La narration est assurée tantôt par un narrateur (Viktor), tantôt par une narratrice (Nadia, sœur jumelle de Viktor). Chacun écrit, entre juin et novembre 1941, dans une série de cahiers, le récit de son aventure. Le frère et la sœur, âgés de douze ans lorsque commence le roman, écrivent d’abord alternativement dans le même cahier, puis, lorsqu’ils se trouvent séparés par la force des choses, chacun continue son récit de son côté, avec l’espoir de faire lire à l’autre, plus tard, les cahiers racontant ce qu’il aura vécu. Les pages de Viktor sont imprimées en rouge vif (parce que ce personnage écrit au crayon rouge et qu’il se veut bon communiste…), tandis que les pages de Nadia sont imprimées en bleu (parce qu’elle écrit au stylo-plume).

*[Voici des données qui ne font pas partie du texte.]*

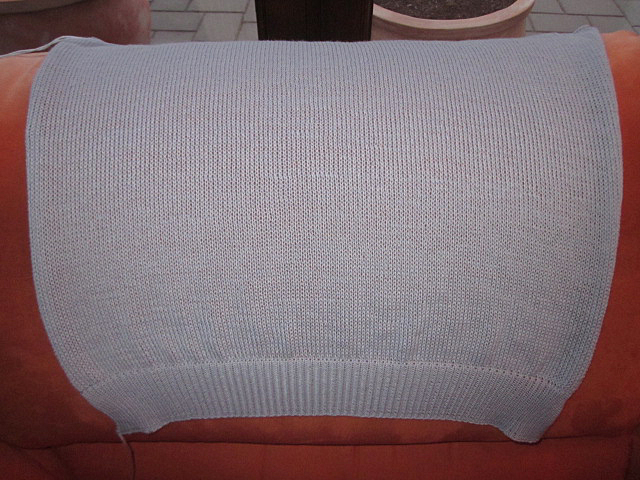 Dieses Foto zeigt ein Pulloverteil in glatt rechts gestrickt, so wie es von der Maschine abgenommen wurde. Die Wolle wurde nach meinem Verfahren drallberuhigt. Wie man sieht, ist das Strickstück ganz gerade und nicht verzogen und außerdem bereits ganz wunderbar weich.

Le colonel Smirnov, du M.V.D. (ex-N.K.V.D.), est un troisième narrateur. Il prend la parole en décembre 1946, soit plusieurs années après les faits, mais les pages où il intervient se placent entre les cahiers alternés des deux adolescents, et ses annotations (transcrites en cursive d’imprimerie) s’introduisent dans les marges du récit bleu et du récit rouge. Son encre à lui est de teinte grenat, ou sang séché. Il est chargé d’étudier les cahiers afin de recenser les actes délictueux dont se sont rendus coupables, au cours de leur périple, Nadia et Viktor, et de décider si les deux adolescents doivent être exécutés ou avoir la vie sauve. À certains moments, son commentaire reflète la situation des lecteurs que nous sommes : les exploits accomplis par Viktor ou par Nadia sont-ils vraisemblables ? Les deux narrateurs auraient-ils enjolivé certains faits ? Quelles sont les preuves de ce qu’ils affirment ?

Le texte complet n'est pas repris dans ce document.